(Saved entries)
_ _ _ _ _ _ _

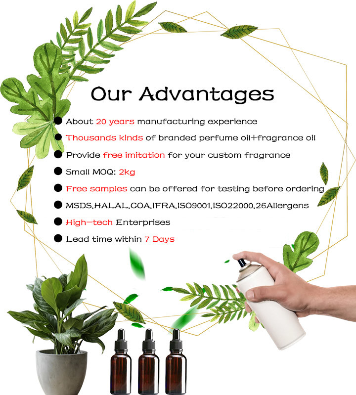 Ароматы широко используются в парфюмерии, креме, средствах по уходу за кожей, шампуни, мытье тела, мыло, моющее средство, моющее средство для рук, моющее средство для посуды, смягчающее средство, моющее средство для стирки, освежитель воздуха,инсектицид, аэрозоли, твердые освежители, туалетная вода, москитоудерживающие фимиам, палочки, фимиам, свечи, полотенце и так далее.
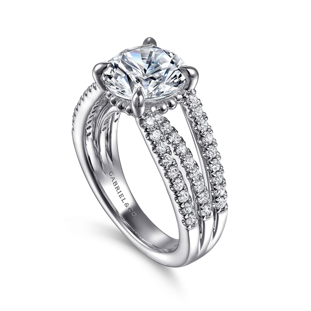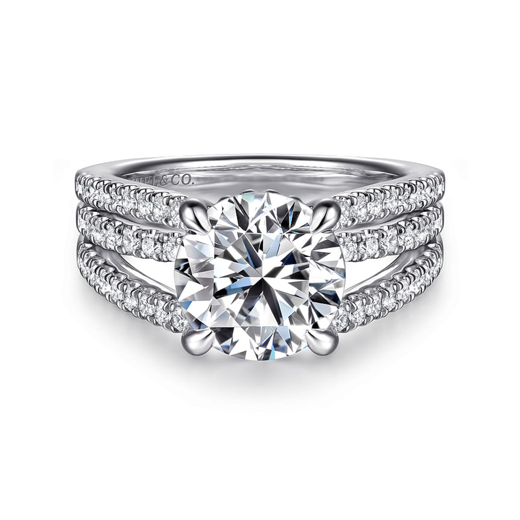 14K White Gold 'Rivah' Split Shank Round Natural Diamonds Engagement Ring
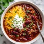 This hearty and flavorful Chili Con Carne features tender chunks of beef simmered with a blend of spices, peppers, tomatoes, and kidney beans. Perfect for a comforting meal, it develops rich depth as it slowly cooks to a thick and savory stew, ideal for serving topped with sour cream, cheese, and fresh cilantro.
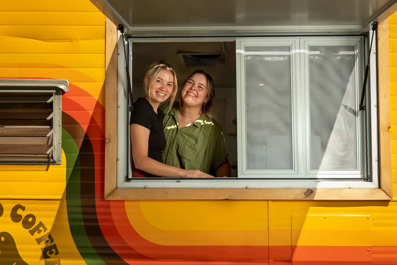 Rebecca (left) and Kennedy (right), co-owners of Lovebird Coffee, look out from their coffee truck parked on campus on September 12th, 2024.
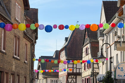 150 farbenfrohe Lampions zieren jetzt wieder die Bensheimer Gerbergasse. Pressedienst Bensheim BENSHEIM. – Die Bensheimer Innenstadt ist wieder ein Stück bunter geworden: In der Gerbergasse habe...
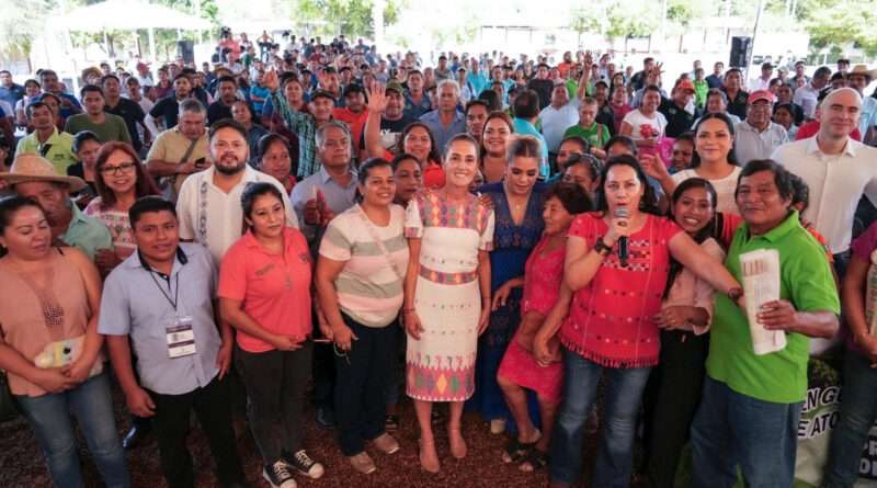 Ante centenares de productores del campo y pobladores de esta comunidad, Sheinbaum dijo que hay una estrategia similar en Zacatecas, Nayarit y Durango con el frijol, para poder embolsarlo y comercializarlo.
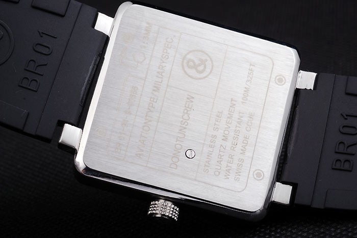 Tillbaka: borstat rostfritt stål skruvas ned tillbaka med Bell & Ross inscriptions
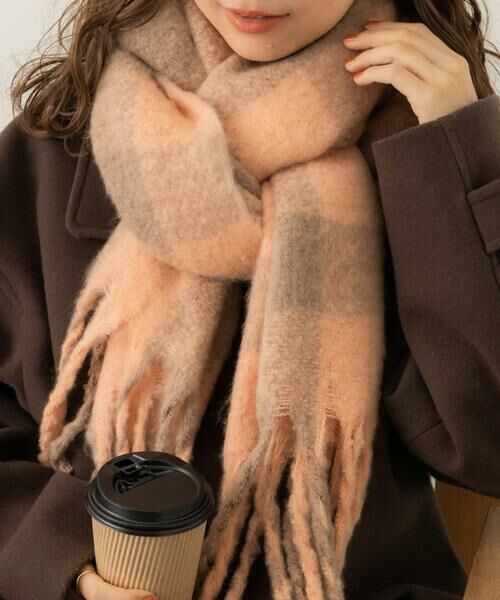 【ふわふわ素材のチェックマフラー】
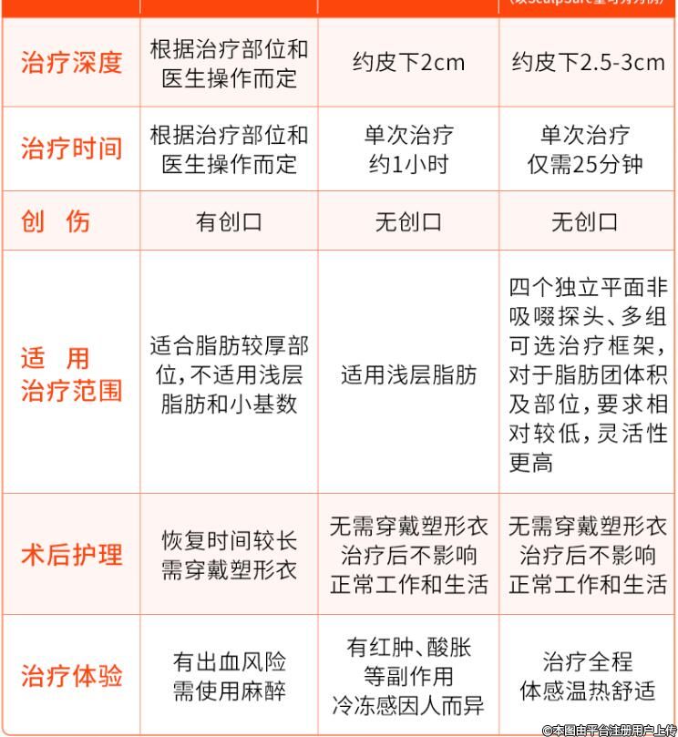 但目前制霸第一梯隊的還是吸脂手術(shù)、冷凍溶脂、激光熱溶脂三大技術(shù)。
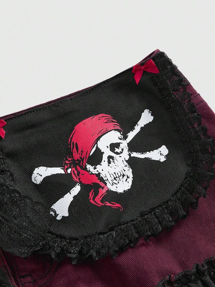 Goth Short en jean mini style pirate sombre avec imprimé crâne Y2K
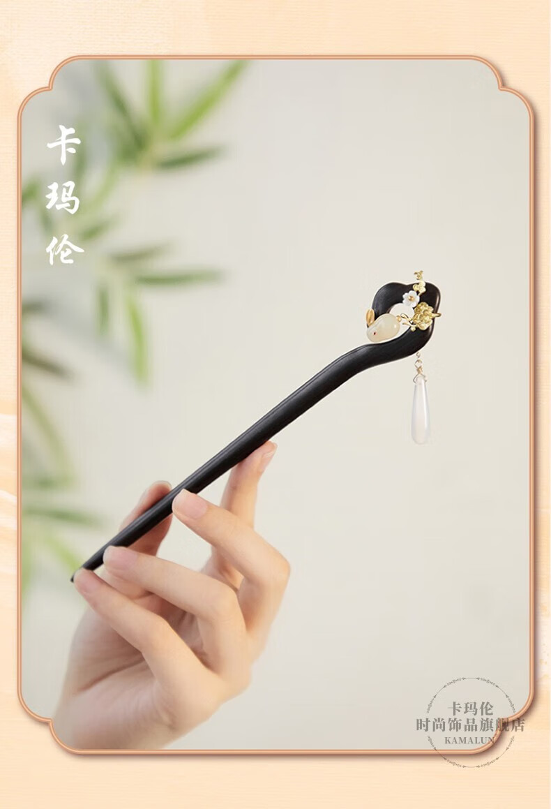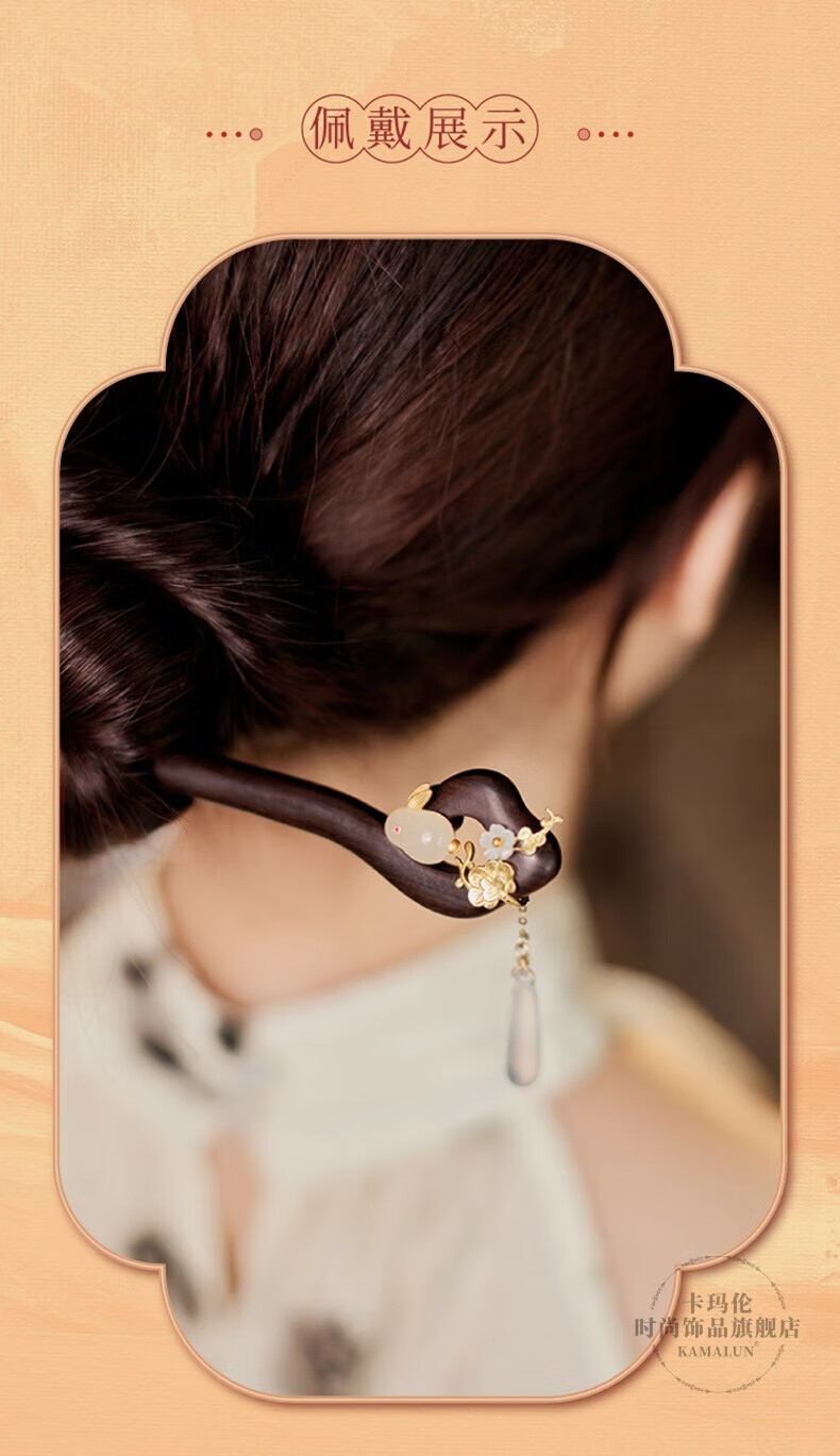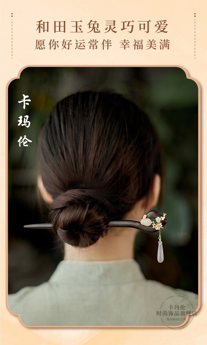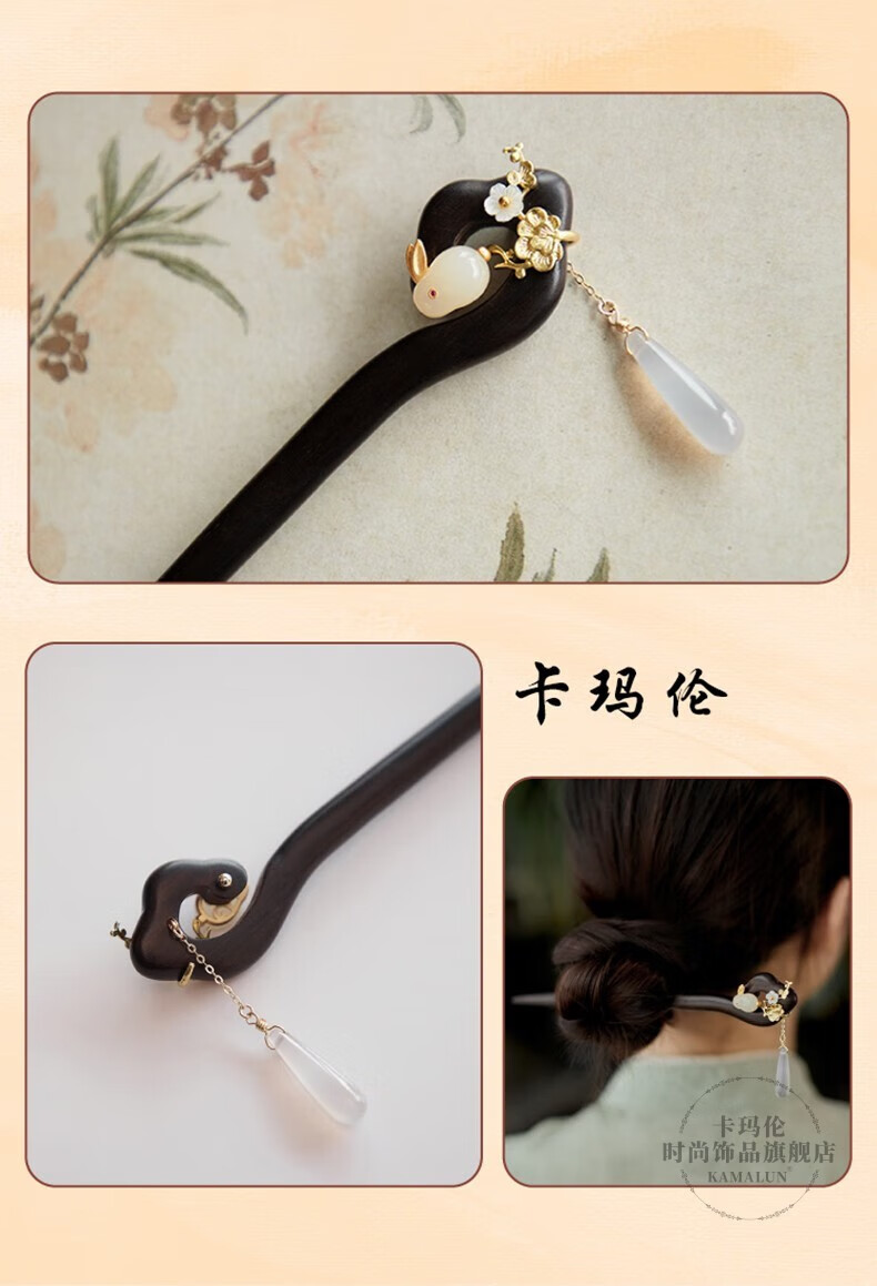 Lao Phoenix 999 Sandalwood Hairpin, Ancient Style Jade Rabbit Wooden Hairpin, Hanfu Headwear, New Chinese Style Hairpin for Girlfriend’s Birthday, Yatu Hairpin + Brand Gift Box

_ _ _ _ _ _ _

- **What the exercise asks**: Return only the line with "Rebecca (left) and" and the lines after it up to the end of the records, exact and free of pictures.

- **Result of this task**:
 Rebecca (left) and Kennedy (right), co-owners of Lovebird Coffee, look out from their coffee truck parked on campus on September 12th, 2024.
 150 farbenfrohe Lampions zieren jetzt wieder die Bensheimer Gerbergasse. Pressedienst Bensheim BENSHEIM. – Die Bensheimer Innenstadt ist wieder ein Stück bunter geworden: In der Gerbergasse habe...
 Ante centenares de productores del campo y pobladores de esta comunidad, Sheinbaum dijo que hay una estrategia similar en Zacatecas, Nayarit y Durango con el frijol, para poder embolsarlo y comercializarlo.
 Tillbaka: borstat rostfritt stål skruvas ned tillbaka med Bell & Ross inscriptions
 【ふわふわ素材のチェックマフラー】
 但目前制霸第一梯隊的還是吸脂手術(shù)、冷凍溶脂、激光熱溶脂三大技術(shù)。
 Goth Short en jean mini style pirate sombre avec imprimé crâne Y2K
 Lao Phoenix 999 Sandalwood Hairpin, Ancient Style Jade Rabbit Wooden Hairpin, Hanfu Headwear, New Chinese Style Hairpin for Girlfriend’s Birthday, Yatu Hairpin + Brand Gift Box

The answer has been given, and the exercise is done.